第24話 3つのお題 即興小説⑨ ぼくの願いごと
こんにちは。昨日3つのお題をやったら、いつもより3倍くらい長くなったので前後編で投稿します。どうぞよろしくお願いします!
Amazonの本の方も引き続きよろしくお願いいたします。一次創作本で短編集です。
『もしも僕がリンゴの木を植えなくても』という名前で、Amazonさんで検索すると出てくると思うのでよかったらご覧ください。
それでは、始まります。
僕は1人、山の中を走っていた。もうへとへとだ。目がかすみ、足がもつれる。何かにつまずいて、転んだ拍子に顔をすりむいた。
「痛…!」
膝が笑って、力が入らない。このまま横になっていたい気がするけれど、脳裏に苦しんでいる家族の顔が浮かんだ。
「おばあちゃん…!」
そうだ、こんな事をしている場合じゃない。今すぐ神社へ行かなければ。
僕はよろよろと立ち上がり、また走りだした。
もうこれ以上は進めないと思った時、目的地に着く。息を切らし、立ちつくした。
「ここだ…」
そこは鬱蒼(うっそう)と木がしげり、古ぼけた鳥居がある。その下を階段が通っていて、頂上へと続いていた。
もう夕暮れ時で、夜になったら真っ暗で何も見えなさそうだ。ゴクリ、とつばを飲み込む。

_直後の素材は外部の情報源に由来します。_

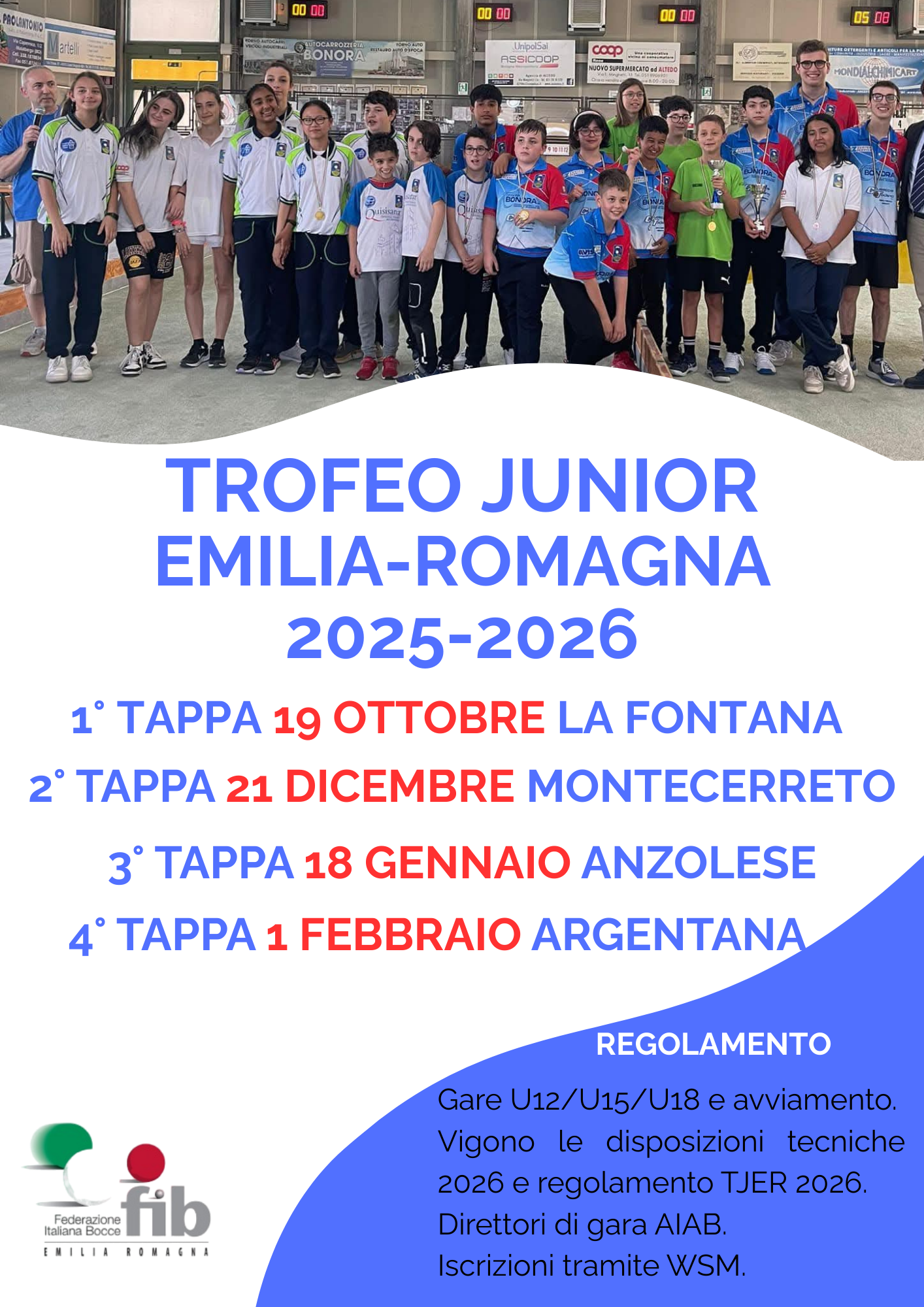 14 Ottobre Sorteggio 1^ Tappa TJER 2026 - 19 Ottobre 2025 Bocciofila La Fontana CONDIVIDI SUI TUOI SOCIAL

けれど、立ち去る選択肢はなかった。僕にはやらなければいけない事があるのだ。
待っててね、そう呟くと一歩一歩階段を上っていった。
***
僕は小さな街で生まれた。お父さんとお母さん、そしておばあちゃんも一緒に住んでいた。お母さんのお母さんで、とても優しかった。
両親が共働きなので、彼女が僕の面倒を見てくれた。僕はおばあちゃんが大好きだった。保育園のお迎えも学校の授業公開も必ず来てくれて、目が合うとニコニコと手を振ってくれた。
小さい頃に熱を出した時、つきっきりで看病してくれた。お父さんもお母さんもあまり家にいなかったけれど、彼女さえいてくれれば心細くなかった。僕の心の真ん中には、いつもおばあちゃんがいた。
けれど──
おばあちゃんはだんだん元気がなくなっていった。よく床につくようになり、あまり家事ができなくなった。僕は心配だった。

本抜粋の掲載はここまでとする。